How do I combine these tools in a single conservation programme? Begin with eDNA to establish baseline biodiversity across your landscape. Identify priority species and populations, then deploy population genomics to assess genetic diversity, connectivity, and adaptive capacity. Use those data to design translocations, habitat corridors, or managed gene flow. If an invasive species is the primary threat and conventional control has failed, engage with gene-drive researchers to explore feasibility on a 10-plus-year horizon while continuing conventional management in the interim.

Sources

• IPBES. (2024). Global Assessment Report on Biodiversity and Ecosystem Services: 2024 Update. Intergovernmental Science-Policy Platform on Biodiversity and Ecosystem Services.
• Grand View Research. (2025). Conservation Genetics Market Size, Share & Trends Analysis Report, 2025-2030. Grand View Research.
• Deiner, K., Bik, H. M., Mächler, E. et al. (2017). Environmental DNA metasystematics of freshwater ecosystems. Molecular Ecology, 26(21), 5872-5895.
• NHGRI. (2025). DNA Sequencing Costs: Data from the NHGRI Genome Sequencing Program. National Human Genome Research Institute.
• Target Malaria. (2025). Annual Progress Report: Caged Suppression Trials and Regulatory Pathway Update. Target Malaria Consortium.
• Gates Foundation. (2025). Target Malaria Investment Summary. Bill & Melinda Gates Foundation.
• GBIRd. (2024). Genetic Biocontrol of Invasive Rodents: Programme Update and Cost Projections. GBIRd Partnership.
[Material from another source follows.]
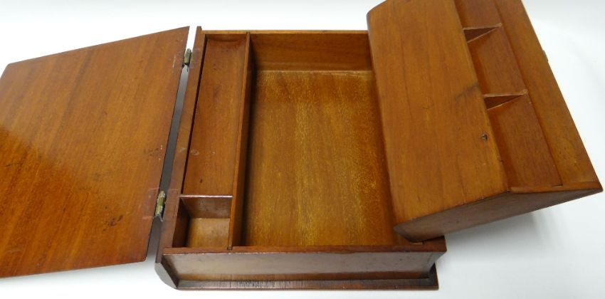 A nineteenth century mahogany writing box with brass cartouche and hinges, 10ins wide (25cms)

• Biggs, J., Sheridan, H., et al. (2025). Cost-effectiveness of eDNA surveys for freshwater biodiversity monitoring. Conservation Biology, 39(1), 45-58.
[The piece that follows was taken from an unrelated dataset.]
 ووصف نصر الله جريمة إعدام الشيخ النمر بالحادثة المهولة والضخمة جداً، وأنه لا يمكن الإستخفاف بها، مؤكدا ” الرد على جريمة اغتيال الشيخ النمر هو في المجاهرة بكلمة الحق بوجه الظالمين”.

• Sheridan, H., et al. (2024). Scaling eDNA for regulatory species assessments in England. Journal of Applied Ecology, 61(3), 412-425.
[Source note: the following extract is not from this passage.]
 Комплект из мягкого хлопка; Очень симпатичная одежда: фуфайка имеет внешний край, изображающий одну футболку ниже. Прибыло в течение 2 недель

• Lou, R. N., Jacobs, A., Wilder, A. P., & Therkildsen, N. O. (2024). Low-coverage whole-genome sequencing for population genomics. Molecular Ecology Resources, 24(1), e13852.
• Harrisson, K. A., et al. (2024). Landscape genomics informs genetic rescue of Leadbeater's possum. Conservation Genetics, 25(2), 289-305.
• California State Water Board. (2025). Statewide eDNA Bioassessment Program: First Year Results. California Environmental Protection Agency.
• ERGA. (2025). European Reference Genome Atlas: Progress Report 2025. European Reference Genome Atlas Consortium.
• National Academies of Sciences, Engineering, and Medicine. (2016). Gene Drives on the Horizon: Advancing Science, Navigating Uncertainty, and Aligning Research with Public Values. National Academies Press.